From: Jennifier Burnett <jenni_at_[hidden]>
Date: Thu, 11 Jun 2026 18:52:33 +0100
Do just want to point out that the proposed barrier isn't a standard c++ acquire barrier but a new magic barrier that would need new semantics, c++ acquires are meaningless without a corresponding release (since it only establishes a happens-before between things after the acquire and things before the release) and so would do nothing, or could only synchronise with the incrementing thread as you said before.

In my example I was treating x, z, and w as regular local variables, with the idea that w >= x would be checked after both threads of execution are complete.

On 11 June 2026 18:01:40 BST, Thiago Macieira via Std-Discussion <std-discussion_at_[hidden]> wrote:
>On Thursday, 11 June 2026 00:44:31 Pacific Daylight Time Jennifier Burnett via
>Std-Discussion wrote:
>> ```
>> T1:
>> x = TIME()
>> y.store(x, relaxed)
>>
>> T2:
>> z = y.load(relaxed)
>> w = TIME()
>> ```
>> To my understanding the question as you understand it is whether when z ==
>> x, w must >= x, correct?
>
>Thank you for making this a more concrete example, but I don't think it went
>far enough: you didn't model x as an atomic, so it's hard to say how one can
>perform the w >= x check in the first place.
>
>Let's say though:
>x = INT64_MAX
>y = 0
>T1:
> x.store(TIME(), relaxed)
> y.store(1, relaxed)
>
>T2:
> z = y.load(relaxed)
> w = x.load(relaxed)
> if (z) assert(w <= TIME())
>
>If we didn't know what TIME() was (let's say it was a constant), this is the
>prototypical example of how loads and stores can bypass each other: it's
>entirely possible for y.store() to have become visible, but not x.store(),
>resulting in T2 seeing x's old value of INT64_MAX and failing the assertion.
>
>Nothing changes even if we model TIME() as a load(relaxed) of a global that
>monotonically increases at a frequency of 1 GHz.

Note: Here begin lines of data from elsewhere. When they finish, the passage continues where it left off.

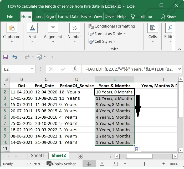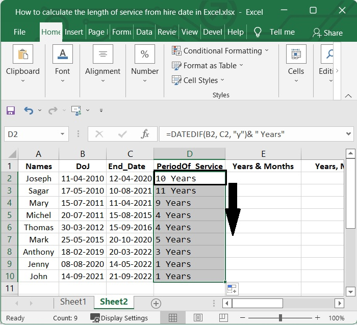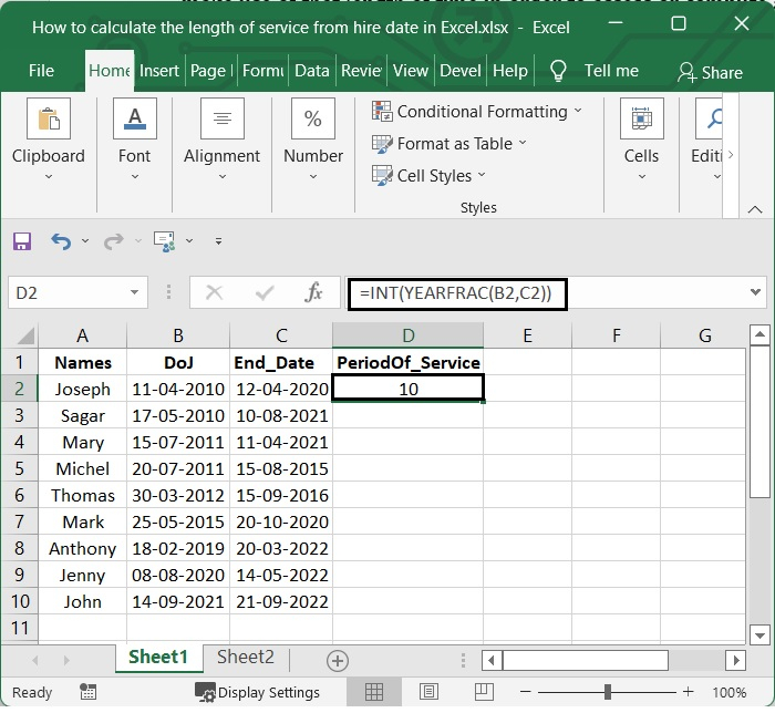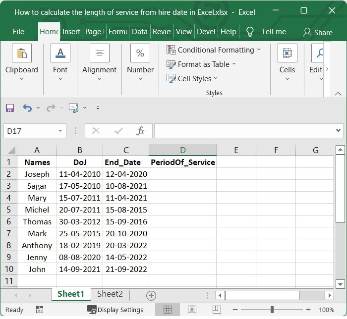 現在讓我們瞭解如何使用Excel根據入職日期計算員工的服務期限。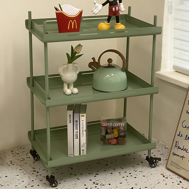 Rak Penyimpanan Bisa Dipindahkan Sederhana Nordik Lintas Batas Rak Kereta Dorong Kerajinan Besi Rumah Tangga Mobil Makan Warna Hijau Logam Tipe Kecil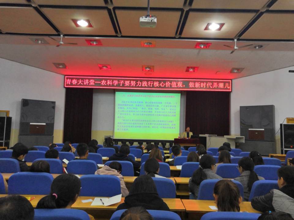 2018年10月22日晚,beat365唯一官网入口举办了《农科学子要努力践行核心价值观,做新时代弄潮儿》的青春大讲堂专题讲座,学院党委负责人作了专题报告。 150名青年学生参加了活动。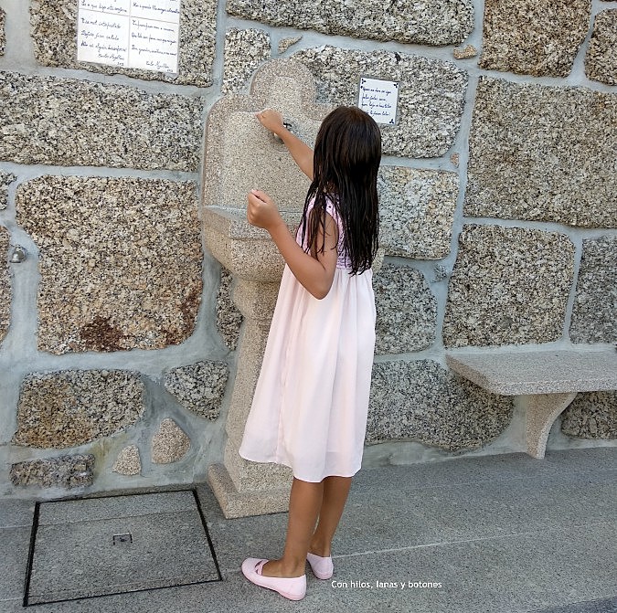 Es un proyecto sencillo y rápido. Después de todas las pruebas, el canesú definitivo lo hice un sábado por la tarde en la playa. El domingo por la mañana hice los dobadillos de la tela, cerré la costura y marqué con la máquina para fruncir. Íbamos a piscinear un poco así que lo metí en la bolsa y lo fui cosiendo a mano poco a poco mientras la peque se arrugaba a remojo.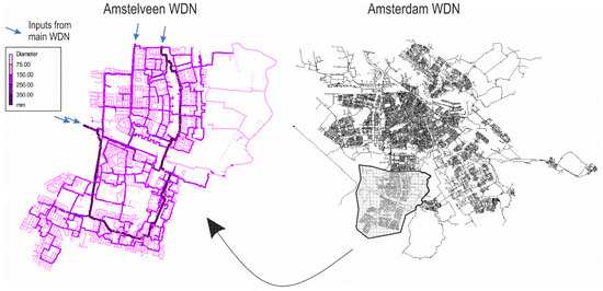 The DeNSE sectorization method, in the form presented in this paper, resulted from the research conducted as part of the Horizon 2020 research project No. 778136, named “Wat-Qual”. Research was conducted in cooperation with Waternet—the public utility company operating the water distribution network of the city of Amsterdam. Waternet personnel provided the necessary data for the development and testing of the proposed methodology on a real-sized WDN. This paper presents the results obtained for the Amstelveen WDN, which is a suburban part of the Amsterdam metropolitan area (Figure 4). The Amstelveen part of the network was chosen as it can be easily hydraulically isolated from the rest of the Amsterdam WDN and, with roughly 45,000 connections, is large enough to allow the proper evaluation of the methodology. This network could serve as an example for potential sectorization of other parts of Amsterdam’s WDN. The characteristics of Amstelveen WDN are as follows: number of links—N_l = 12,479; number of nodes—N_n = 11,729; number of demand nodes—N_dn = 5510; number of reservoirs—N_r = 4 (not real, but established as source nodes on locations where the network connects to the rest of the WDN); number of tanks—N_t = 0; number of pumps—N_p = 0; number of valves—N_v = 2144; number of connections—N_c = 44,429; total average demand in the network—Q = 521.3 m3/h. The peak demand hour is 8:00 a.m., with the demand of 1008.0 m3/h, with another peak from 7:00 to 8:00 p.m., with the demand of 720.0 m3/h. The minimum demand hours are from 1:00 to 6:00 a.m., with the demand of 273.6 m3/h.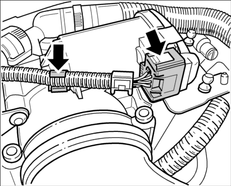 1. Отсоединить электрический разъем сервопривода дроссельной заслонки. Для этого сверху и снизу нажать на разъем и одновременно снять. Освободить кабель из плоского зажима.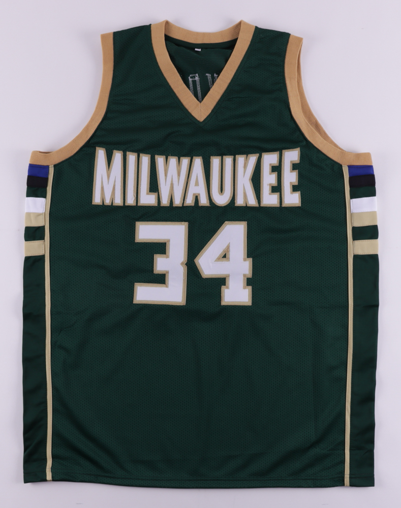 Custom on-court style jersey. Everything is sewn on, size XL. Hand-signed by Giannis Antetokounmpo.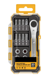 Набор головок и бит с трещоткой 23пр. (рукоятка, биты PH, SL, TORX), пласт. кейс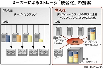 ストレージ統合とは? デジタルデータが主流になりつつあり、社内のデータ量が急速に増大している。ユーザー企業の多くはストレージ容量の効率的な管理やバックアップの見直しなどといった課題に頭を悩ませている。導入コストや管理の簡便性などから、サーバーにストレージを直接接続する「DAS(ダイレクト・アタッチド・ストレージ)」という方式を採用しているケースが多いためだ。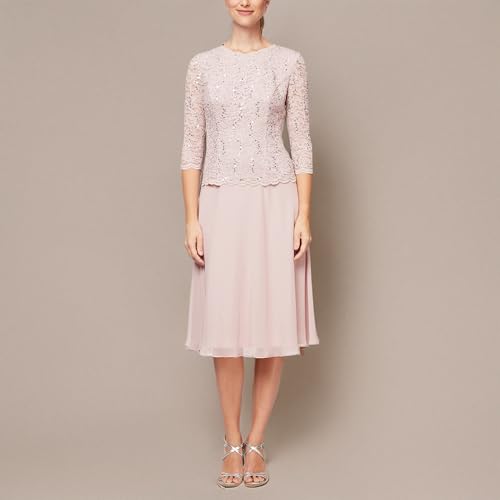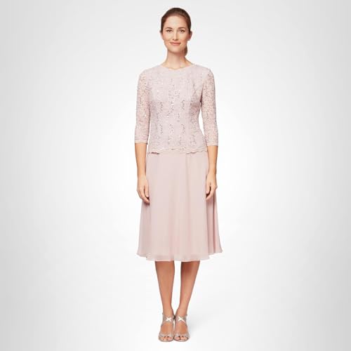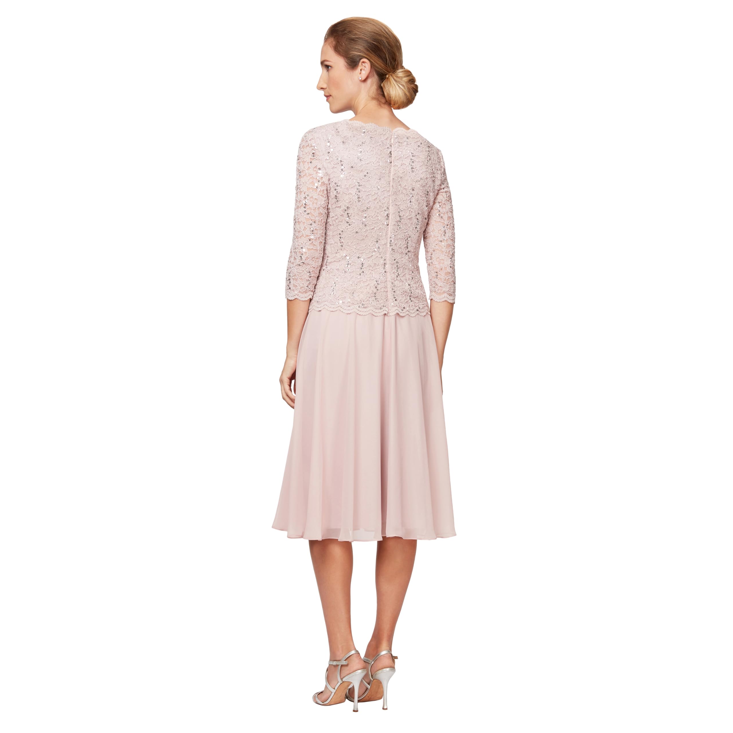 Description Our tea-length mock 2-piece cocktail dress is the picture of elegance with sheer lace sleeves, silky chiffon skirt & scalloped lace edges. Perfect for Mother-of-the-Brides (& Grooms)! Hand wash in cold water Lay flat to dry Items must be unworn, unwashed and undamaged, with all tags attached Final sale items cannot be returned Items sent back without authorization, or an Alex Evenings return label, may not be eligible for refunds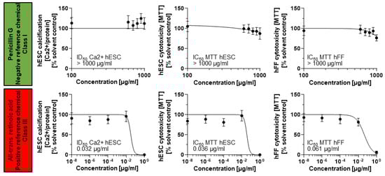 Half-maximal inhibitory concentrations for cell viability (IC50 hESC) and differentiation (ID50 Ca2+ hESC) were established for penicillin G and all-trans retinoic acid from concentration–response curves. The hESTo then compares these two endpoints to the half-maximal inhibitory concentration for cell viability resulting from exposure of fibroblast cells to the same test compound (IC50 MTT hFF) (Figure 3).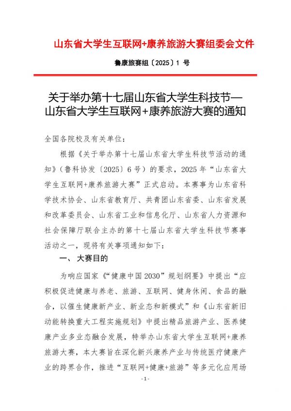 根據(jù)《關(guān)于舉辦第十七屆山東省大學(xué)生科技節(jié)活動的通知》(魯科協(xié)發(fā)〔2025〕6 號)的要求,2025 年“山東省大學(xué)生互聯(lián)網(wǎng)+康養(yǎng)旅游大賽”正式啟動。本賽事為山東省科學(xué)技術(shù)協(xié)會、山東省教育廳、共青團山東省委、山東省發(fā)展和改革委員會、山東省工業(yè)和信息化廳、山東省人力資源和社會保障廳聯(lián)合主辦的第十七屆山東省大學(xué)生科技節(jié)賽事 活動之一,現(xiàn)將有關(guān)事項通知如下: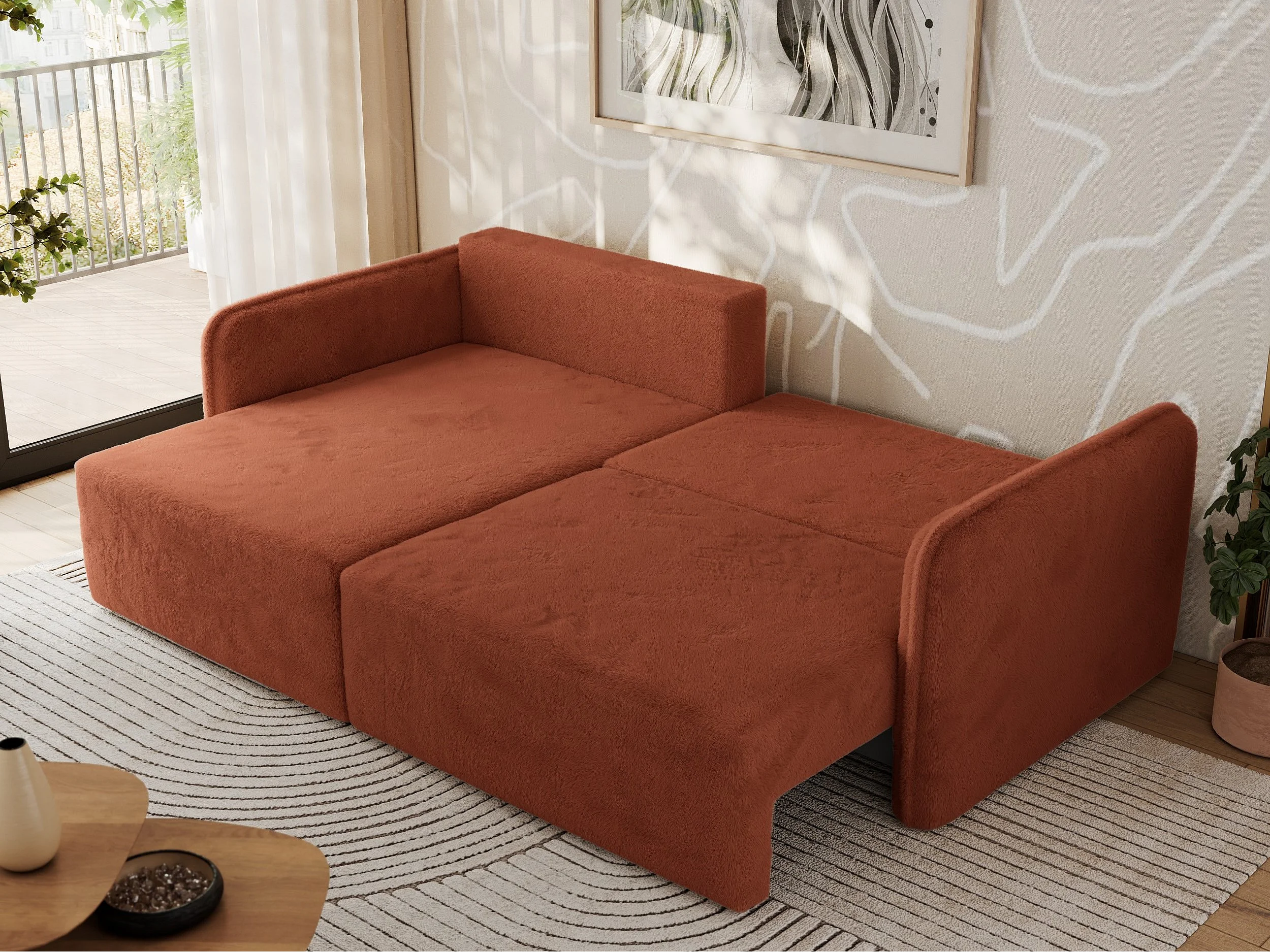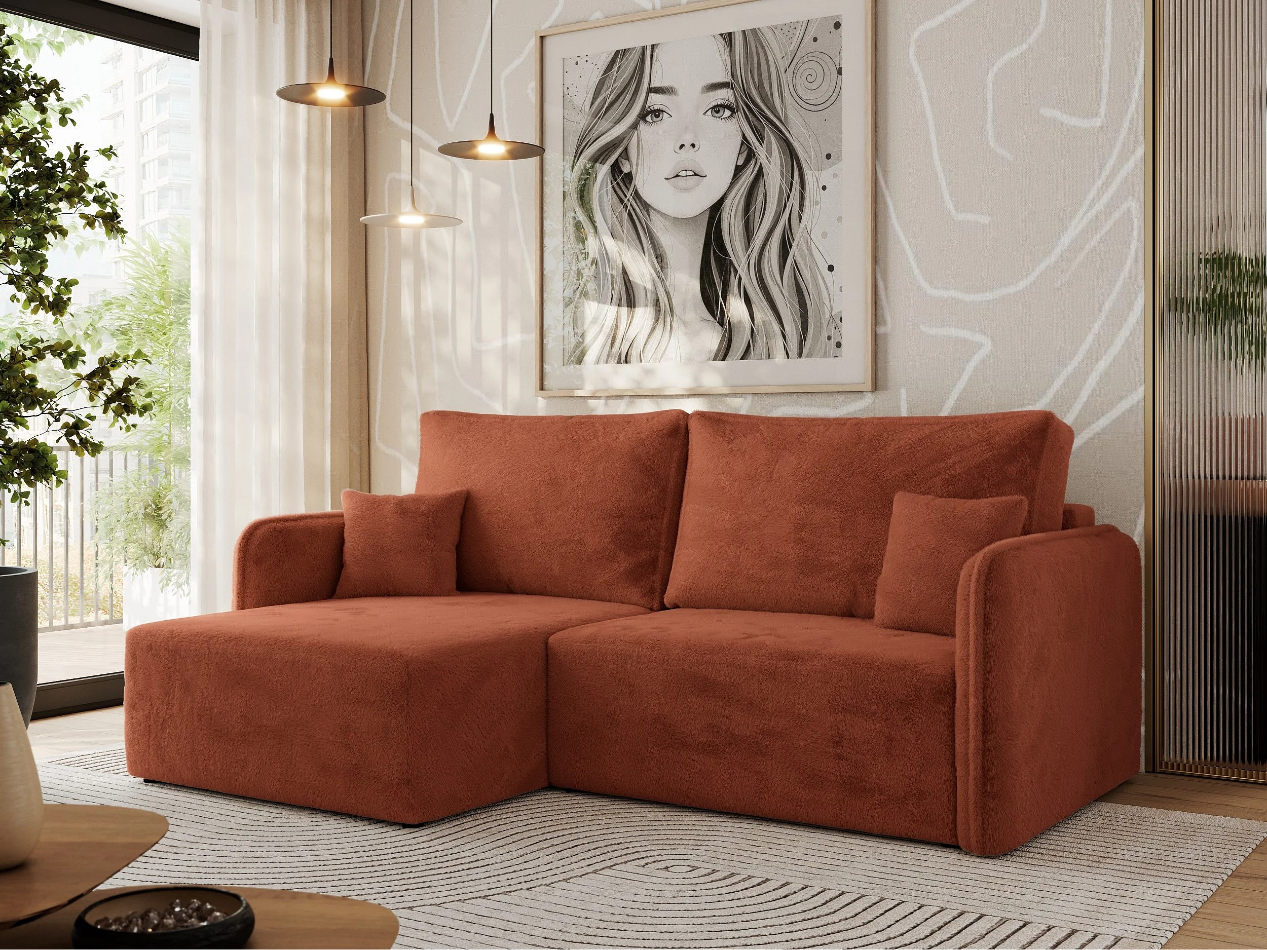Ecksofa MESTO - Schlaffunktion und Bettkasten, L-form Couch für das Wohnzimmer, Armlehnen - Orange Plüsch - Ecke Links

There would be no happens-
>before between the two pairs of variables, so in T1 it would be entirely
>allowable for the y.store(1) to finish and becoming readable before obtaining
>the time in the first place. Likewise in T2, the x.load() could happen earlier
>than the y.load(), so it might see the old value of x (INT64_MAX) even if y
>was seen as 1.
>
>What if TIME() has an acquire fence? In this case, the machine cannot reorder
>a younger store ahead of it. This ensures that neither store in T1 can become
>observable before the TIME() read. Likewise, it does prevent the reordering if
>the loads in T2 against the TIME() load, so if x *was* updated, then the
>assertion holds.
>
>But it doesn't help with the relative ordering of x and y between themselves.
>So this works:
> assert(w == INT64_MAX || w <= TIME());
>
>but not as written above, because nothing prevents observing y.load() from
>observing 1 while x.load() still observes the old value.